> _TASK DESCRIPTION_
Whenever a picture appears in the listing below, leave it out, and copy exactly the lines from the one containing "近日,2022级物理学本科专业张博文同学以第一作者撰写的论文《Accurate measurement of" through the end.

══ DATA SEGMENT ══

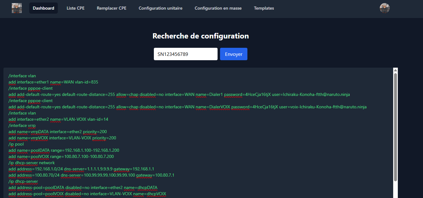 Donc au final, ce développement a permis d'automatiser toute production CPE (qu'importe l'architecture). Il serait donc intéressant par la suite de produire les autres équipements (firewall, etc). Malheureusement, je ne vais pas pouvoir étant donné que les constructeurs s'en foutent des lab lol (cc forti) mais si j'étais opérateur, j'aurai bien sûr automatisé cela. Même si au final, fortimanager est déjà mal (peut-être juste créer les devices automatiquement via call api fmg 😄).
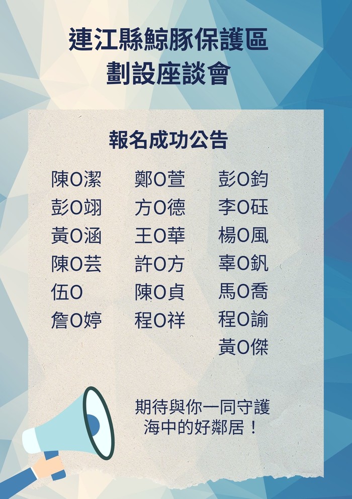 【連江縣鯨豚保護區劃設座談會】報名已順利受理,目前尚有名額,也開放現場報名參與~
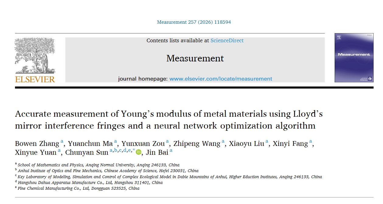 近日,2022级物理学本科专业张博文同学以第一作者撰写的论文《Accurate measurement of Young's modulus of metal materials using Lloyd's mirror interference fringes and a neural network optimization algorithm》在SCI期刊《Measurement》在线发表,该期刊影响因子为5.6,JCR一区,中科院二区。论文通讯作者为william威廉中文官网孙春艳博士,WilliamHill中文官方网站为第一完成单位。
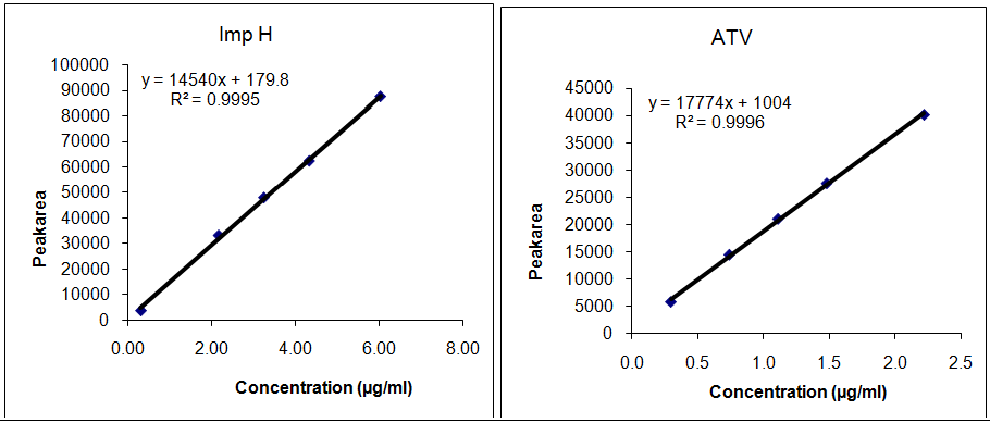 The Linearity was established by plotting a graph of concentration versus area response of ATV, impurities and the correlation coefficient was determined.

═══

> _ANSWER TO THIS EXERCISE_
 近日,2022级物理学本科专业张博文同学以第一作者撰写的论文《Accurate measurement of Young's modulus of metal materials using Lloyd's mirror interference fringes and a neural network optimization algorithm》在SCI期刊《Measurement》在线发表,该期刊影响因子为5.6,JCR一区,中科院二区。论文通讯作者为william威廉中文官网孙春艳博士,WilliamHill中文官方网站为第一完成单位。
 The Linearity was established by plotting a graph of concentration versus area response of ATV, impurities and the correlation coefficient was determined.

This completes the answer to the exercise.